GCF of 64 and 32
GCF of 64 and 32 is the largest possible number that divides 64 and 32 exactly without any remainder. The factors of 64 and 32 are 1, 2, 4, 8, 16, 32, 64 and 1, 2, 4, 8, 16, 32 respectively. There are 3 commonly used methods to find the GCF of 64 and 32  long division, prime factorization, and Euclidean algorithm.
1.  GCF of 64 and 32 
2.  List of Methods 
3.  Solved Examples 
4.  FAQs 
What is GCF of 64 and 32?
Answer: GCF of 64 and 32 is 32.
Explanation:
The GCF of two nonzero integers, x(64) and y(32), is the greatest positive integer m(32) that divides both x(64) and y(32) without any remainder.
Methods to Find GCF of 64 and 32
Let's look at the different methods for finding the GCF of 64 and 32.
 Prime Factorization Method
 Listing Common Factors
 Long Division Method
GCF of 64 and 32 by Prime Factorization
Prime factorization of 64 and 32 is (2 × 2 × 2 × 2 × 2 × 2) and (2 × 2 × 2 × 2 × 2) respectively. As visible, 64 and 32 have common prime factors. Hence, the GCF of 64 and 32 is 2 × 2 × 2 × 2 × 2 = 32.
GCF of 64 and 32 by Listing Common Factors
 Factors of 64: 1, 2, 4, 8, 16, 32, 64
 Factors of 32: 1, 2, 4, 8, 16, 32
There are 6 common factors of 64 and 32, that are 32, 1, 2, 4, 8, and 16. Therefore, the greatest common factor of 64 and 32 is 32.
GCF of 64 and 32 by Long Division
GCF of 64 and 32 is the divisor that we get when the remainder becomes 0 after doing long division repeatedly.
 Step 1: Divide 64 (larger number) by 32 (smaller number).
 Step 2: Since the remainder = 0, the divisor (32) is the GCF of 64 and 32.
The corresponding divisor (32) is the GCF of 64 and 32.
☛ Also Check:
 GCF of 40 and 60 = 20
 GCF of 84 and 108 = 12
 GCF of 27 and 64 = 1
 GCF of 12 and 9 = 3
 GCF of 6 and 27 = 3
 GCF of 54 and 27 = 27
 GCF of 25 and 35 = 5
GCF of 64 and 32 Examples

Example 1: For two numbers, GCF = 32 and LCM = 64. If one number is 64, find the other number.
Solution:
Given: GCF (y, 64) = 32 and LCM (y, 64) = 64
∵ GCF × LCM = 64 × (y)
⇒ y = (GCF × LCM)/64
⇒ y = (32 × 64)/64
⇒ y = 32
Therefore, the other number is 32. 
Example 2: Find the greatest number that divides 64 and 32 exactly.
Solution:
The greatest number that divides 64 and 32 exactly is their greatest common factor, i.e. GCF of 64 and 32.

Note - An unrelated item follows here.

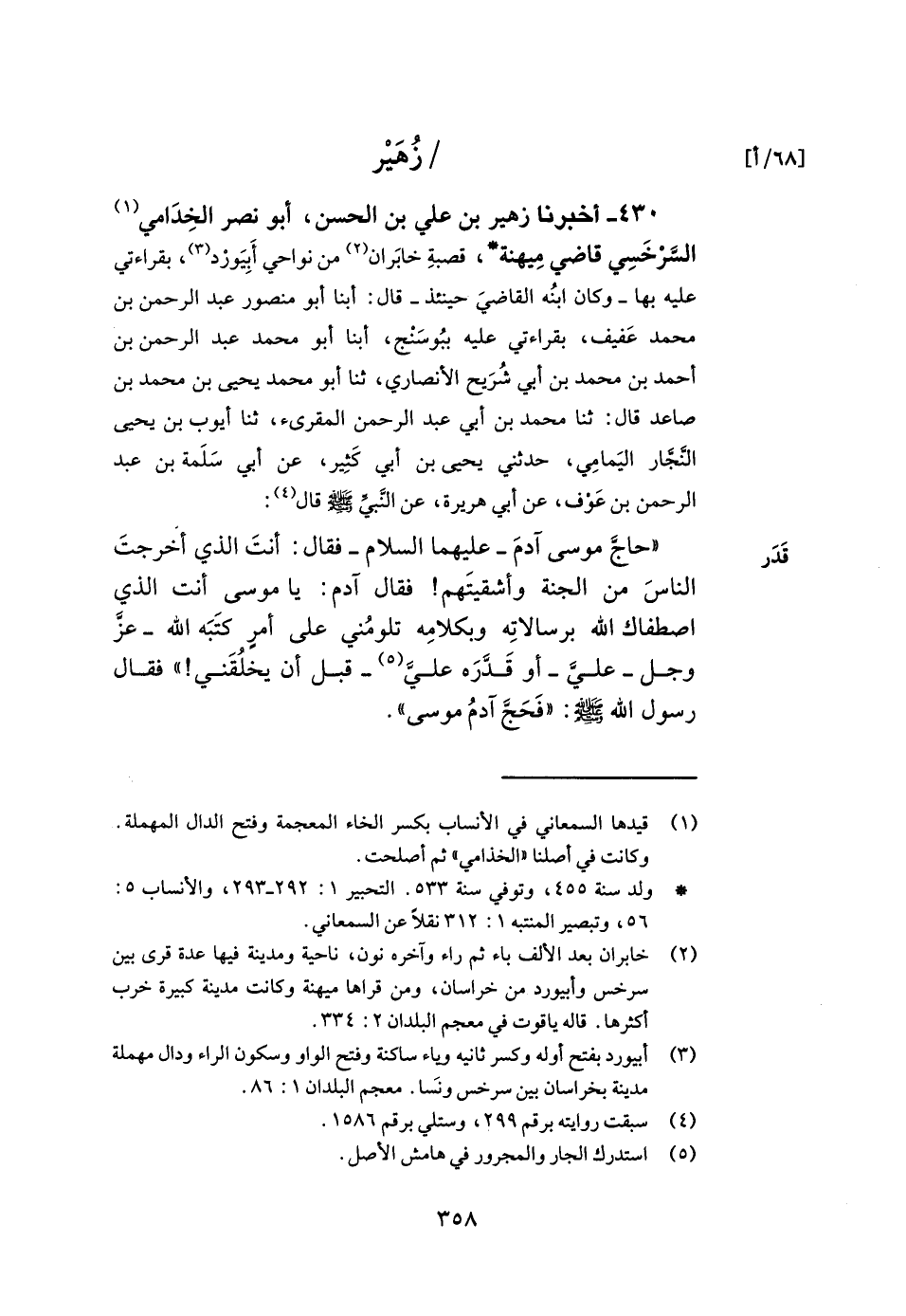 430- أخبرنا زهير بن علي بن الحسن أبو نصر الخدامي السرخسي قاضي ميهنة قصبة خابران من نواحي أبيورد بقراءتي عليه بها وكان ابنه القاضي حينئذ قال أبنا أبو منصور عبد الرحمن بن محمد عفيف بقراءتي عليه ببوسنج أبنا أبو محمد عبد الرحمن بن أحمد بن محمد بن أبي شريح الأنصاري ثنا أبو محمد يحيى بن محمد بن صاعد قال ثنا محمد بن أبي عبد الرحمن المقرئ ثنا أيوب بن يحيى النجار اليمامي حدثني يحيى بن أبي كثير عن أبي سلمة بن عبد الرحمن بن عوف عن أبي هريرة عن النبي صلى الله عليه وسلم قال حاج موسى آدم عليهما السلام فقال أنت الذي أخرجت الناس من الجنة وأشقيتهم فقال آدم يا موسى أنت الذي اصطفاك الله برسالاته وبكلامه تلومني على أمر كتبه الله عز وجل علي أو قدره علي قبل أن يخلقني فقال رسول الله صلى الله عليه وسلم فحج آدم موسى.

⇒ Factors of 64 and 32: Factors of 64 = 1, 2, 4, 8, 16, 32, 64
 Factors of 32 = 1, 2, 4, 8, 16, 32
Therefore, the GCF of 64 and 32 is 32.

Example 3: Find the GCF of 64 and 32, if their LCM is 64.
Solution:
∵ LCM × GCF = 64 × 32
⇒ GCF(64, 32) = (64 × 32)/64 = 32
Therefore, the greatest common factor of 64 and 32 is 32.
FAQs on GCF of 64 and 32
What is the GCF of 64 and 32?
The GCF of 64 and 32 is 32. To calculate the greatest common factor of 64 and 32, we need to factor each number (factors of 64 = 1, 2, 4, 8, 16, 32, 64; factors of 32 = 1, 2, 4, 8, 16, 32) and choose the greatest factor that exactly divides both 64 and 32, i.e., 32.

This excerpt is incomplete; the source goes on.